Pour les molécules de taille moyenne (20-25 kDa), un taux de deutération compris entre 50 et 75% permet de compenser la diminution de sensibilité du fait de l’augmentation de la taille de la molécule (13).

Bien que la deutération ait amené des améliorations évidentes, elle entraîne une diminution du nombre de protons et donc une diminution du nombre de contraintes spatiales issues de l’analyse des NOEs, beaucoup d’interactions n’étant plus mesurables. Une deutération totale n’est pas conseillée pour les molécules aux alentours de 20 kDa et Laue et al. (30) ont proposé qu’un taux de deutération de 50% est un bon compromis pour attribuer les chaînes latérales et enregistrer des expériences NOESY.

Dans le cas des protéines de taille > 25 kDa, il devient nécessaire d’avoir des taux de deutération importants afin d’obtenir des spectres bien résolus, mais dans ce cas, les contraintes de type NOE ne seront plus accessibles empêchant la détermination d’une structure haute résolution. Pour palier à ce problème, d’autres contraintes peuvent être utilisées, basées sur l’analyse des NOEs entre méthyles. Du fait de leur hydrophobicité, les résidus hydrophobes comme les valines, les leucines et les isoleucines sont souvent impliqués dans le cœur hydrophobe des protéines. On peut donc spécifiquement protoner ces résidus au niveau des méthyles par marquage spécifique (15) et observer les interactions entre les méthyles proches dans l’espace afin de déterminer le repliement de la protéine (14).
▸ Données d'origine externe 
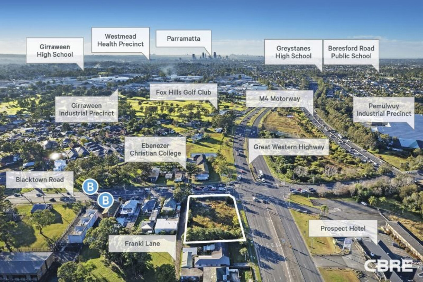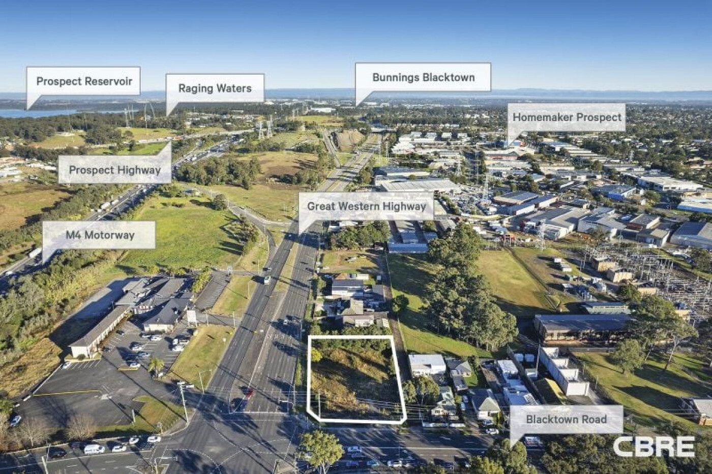 CBRE are pleased to present 2 Great Western Highway, Prospect to the market for sale via auction. The property features a flat, vacant block spanning 2,142 sqm* with triple street frontages to the Great Western Highway, Franki Lane, and Blacktown Road. This prime location ensures high exposure and convenient access for construction and future residents.

Depuis les années 1990, une autre approche permettant de collecter des contraintes spatiales dans les molécules deutérées a été développée. Elle se base sur la mesure des couplages dipolaires résiduels (RDC). Ces derniers contiennent l’information permettant d’orienter les différents vecteurs de la molécule (exemple : les N-H, C-H…), les uns par rapport aux autres. Pour les mesurer, l’échantillon est placé dans un milieu cristal liquide qui va induire de l’ordre dans l’échantillon. Dans ces conditions, la réorientation moléculaire n’est plus isotrope et le couplage dipolaire n’est plus moyenné à 0 permettant ainsi de le mesurer. Ce paramètre permettra d’obtenir des contraintes orientationnelles comme nous le verrons plus tard. Ces contraintes sont une source très intéressante de contrainte puisqu’elles ne sont pas dépendantes de la distance contrairement au NOEs.